(Source data Opens)

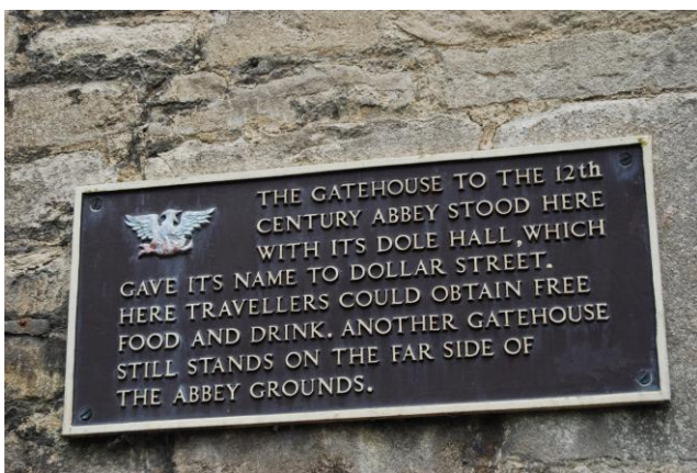
hence Dollar Street

Thanks to Cirencester Civic Society for giving us the opportunity to see parts of Cirencester that we had never noticed or known much about and we hope that they enjoy their return visit in July.
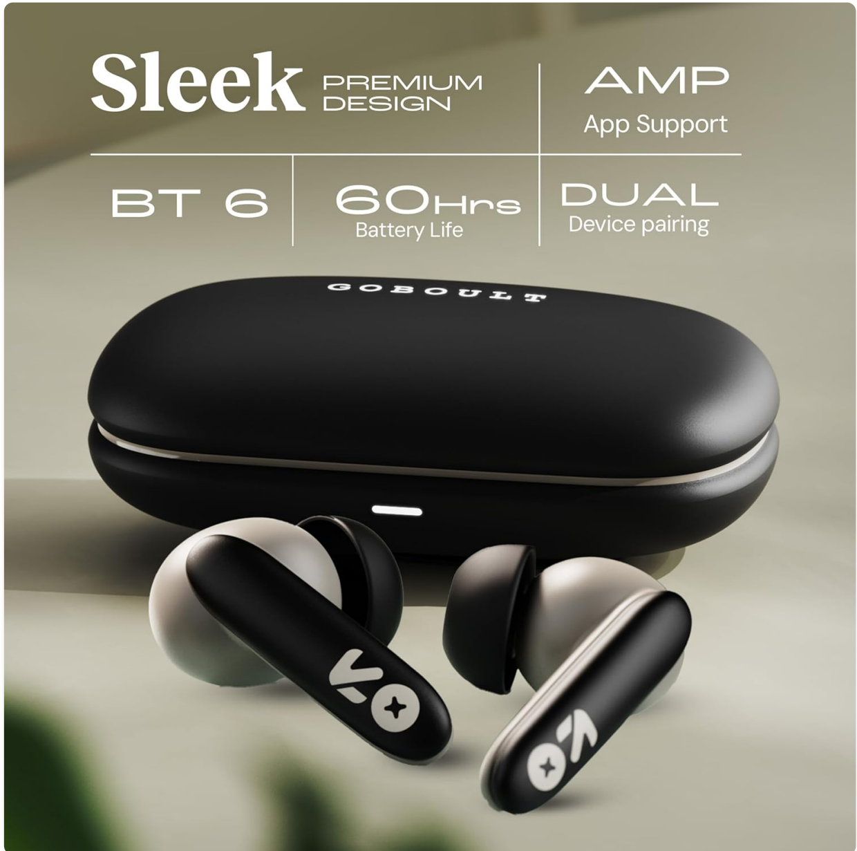
Image: Overview of GOBOULT Y1 v2.0 features including sleek design, AMP App support, Bluetooth 6.0, 60 hours battery life, and dual device pairing.
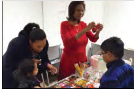
Friday Samplings: Scenes from the NTP and Cultural Affairs Holiday Crafts event at the Benjamin J. Dineen, III & Dennis C. Hull Gallery on Dec. 2.

(Source data Closes)

Instructions for the task: Line by line, reproduce the material above exactly, leaving each picture out.

Task answer:
hence Dollar Street

Thanks to Cirencester Civic Society for giving us the opportunity to see parts of Cirencester that we had never noticed or known much about and we hope that they enjoy their return visit in July.
Image: Overview of GOBOULT Y1 v2.0 features including sleek design, AMP App support, Bluetooth 6.0, 60 hours battery life, and dual device pairing.
Friday Samplings: Scenes from the NTP and Cultural Affairs Holiday Crafts event at the Benjamin J. Dineen, III & Dennis C. Hull Gallery on Dec. 2.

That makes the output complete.